TEAMWORK MAKES THE DREAM WORK
The next challenge is to obtain regular feedback from employees who are working different shift patterns and may be located across different hotels. Finding time for one-on-one and team meetings between managers and their direct reports is important, but this alone won’t provide the detailed insights needed to drive positive change. Plus, bringing teams together on a regular basis may prove too challenging.

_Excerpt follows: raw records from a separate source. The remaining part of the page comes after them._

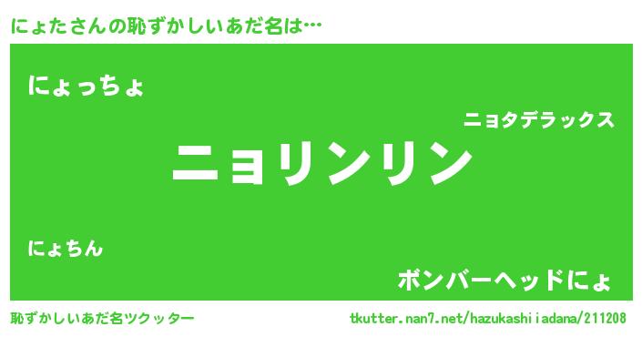 | 意味不明あだ名 | 『とにかく怪しいにょた』 |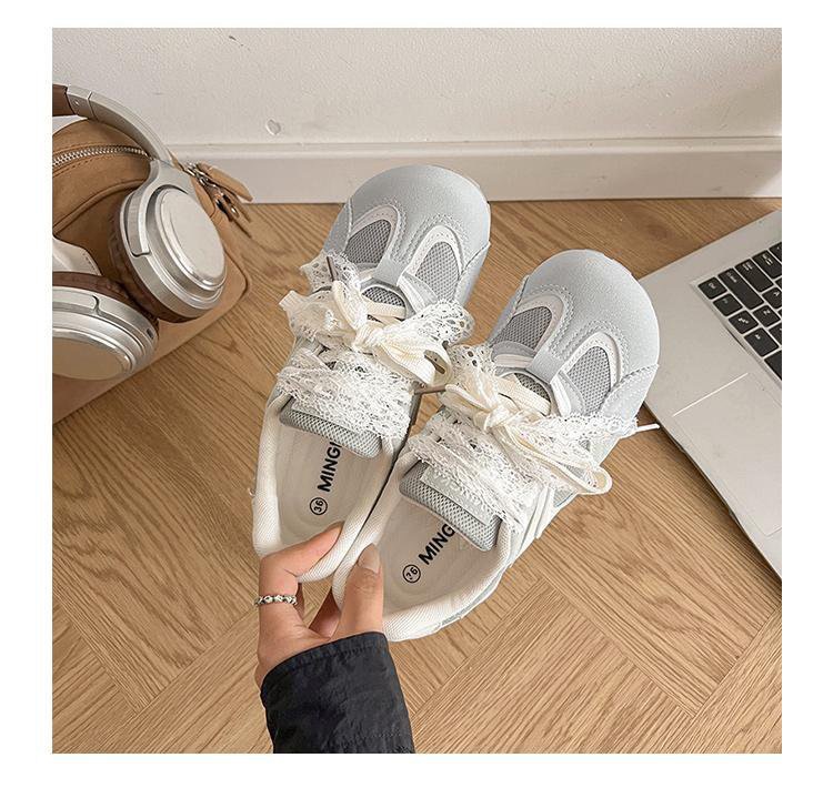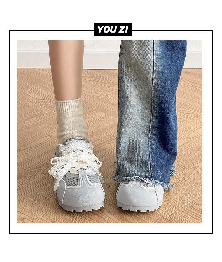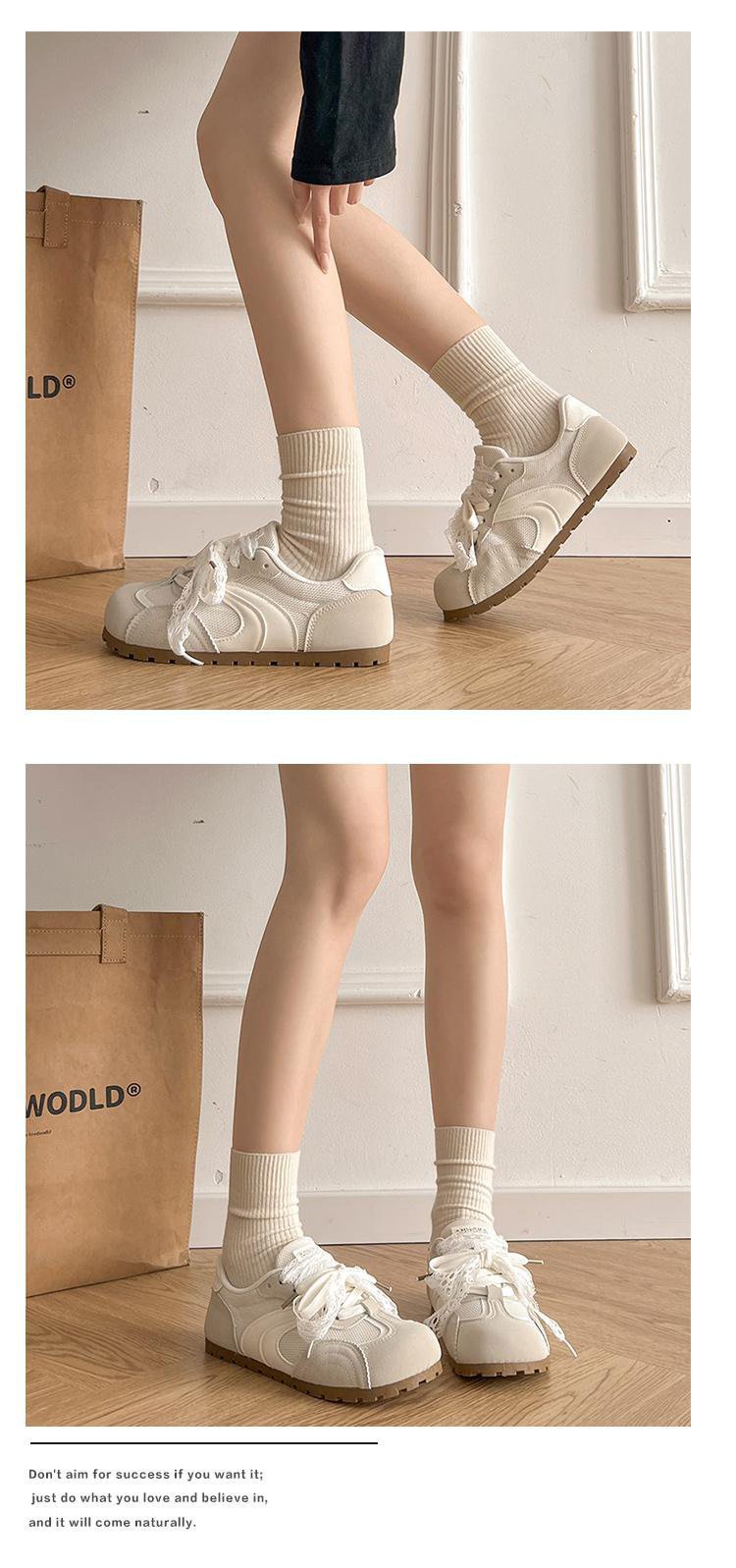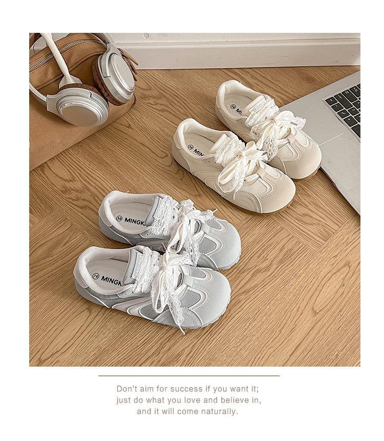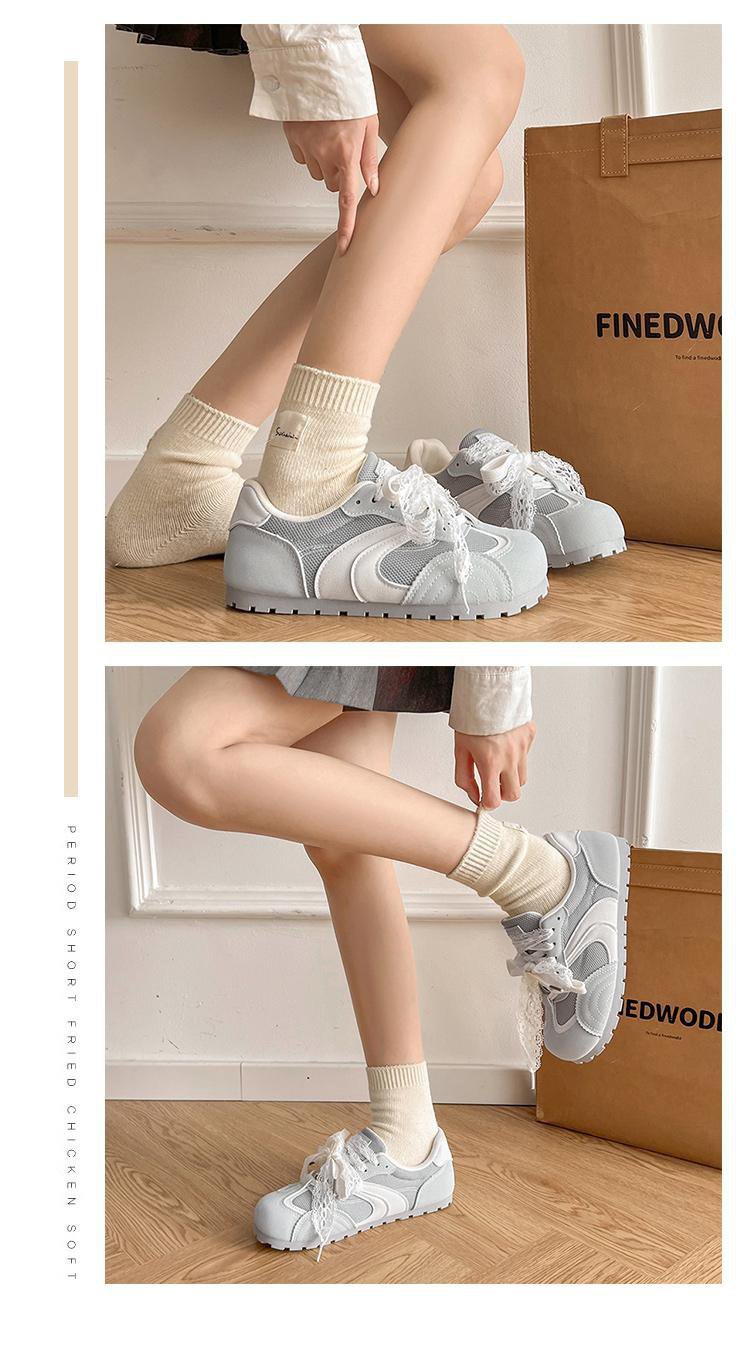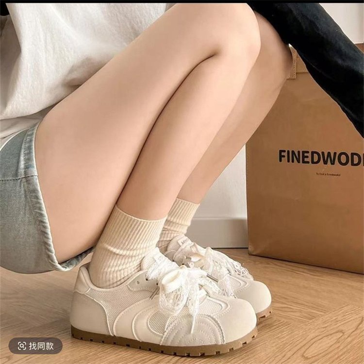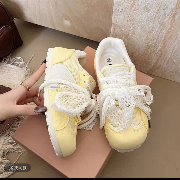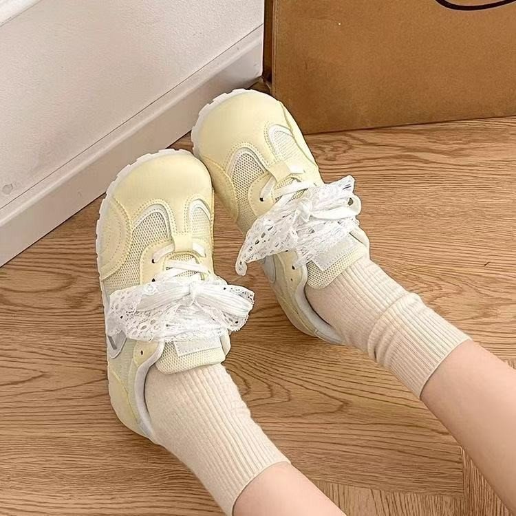 발레 스타일 틈새 레이스 트레이닝 신발 여성 노란색 봄과 여름 플랫 스포츠 2025 새로운 통기성 캐주얼 스니커즈스토어 가기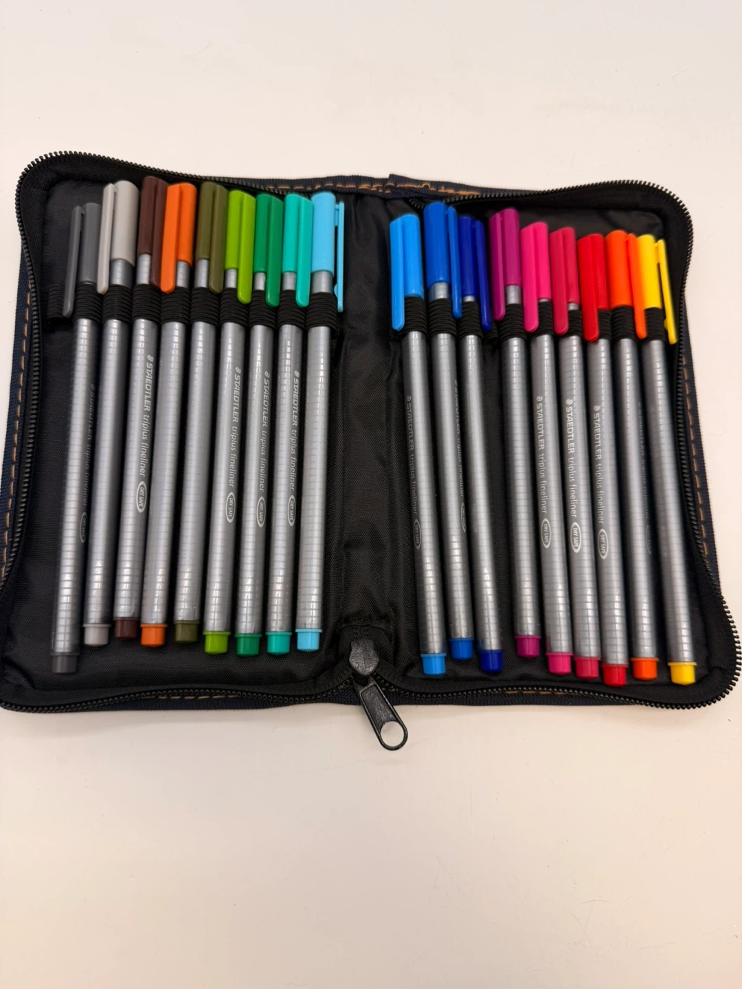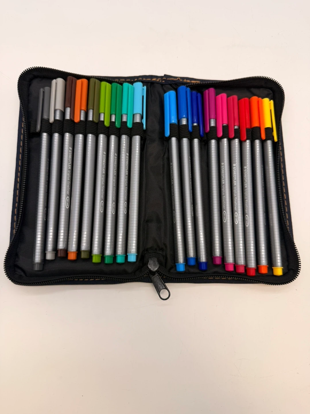 Staedtler Triplus fineliner set with 18 colors in original denim zip case.

Consequentially, engagement surveys should be used in combination with face-to-face feedback, along with a pulse survey, which is a great tool for collating regular and anonymous feedback so employers can regularly “temperature-check” employee sentiment. When pulse surveys are used alongside onboarding and exit surveys, you have the backbone in place for an effective active-listening program.

Of course, you ideally need employee engagement software to automate and streamline the distribution and management of the surveys. Otherwise, the process will be too resource-intensive and simply won’t be repeated on a regular basis. It’s also important to ensure that the surveys can be accessed and completed on mobile devices, so your deskless workers aren’t excluded.

Having a dashboard of insights from your surveys that can be sliced and diced will then provide a solid foundation for improving how your employees feel about their work. For instance, you may discover the recommended onboarding process is rarely followed due to the urgent need to fill roles quickly and that employees aren’t feeling valued or appreciated.

Alternatively, you may find the onboarding period works fine but that employees feel abandoned once it’s over, and so introducing a “buddy system” for all new hires – so they’re well-supported during their first few months in the job – could make all the difference in supporting and retaining newer team members.

To make impactful improvements to staff retention means taking the time to find out the root causes of staff disengagement. And this is only possible with active listening – the process of asking employees the right questions, listening to the answers, and then acting upon the insights.

Not only will taking this approach reduce staff turnover, it also will help improve other key business metrics, including customer satisfaction, occupancy rates, and revenue growth.


Ian Barrow is a senior employee experience consultant at employee engagement company, WorkBuzz. He has been working with organizations to improve their culture, employee experience and engagement for more than 25 years, helping senior leaders build better places to work. He’s passionate about understanding employee behaviors and motivations to create more inspiring and empowered work environments.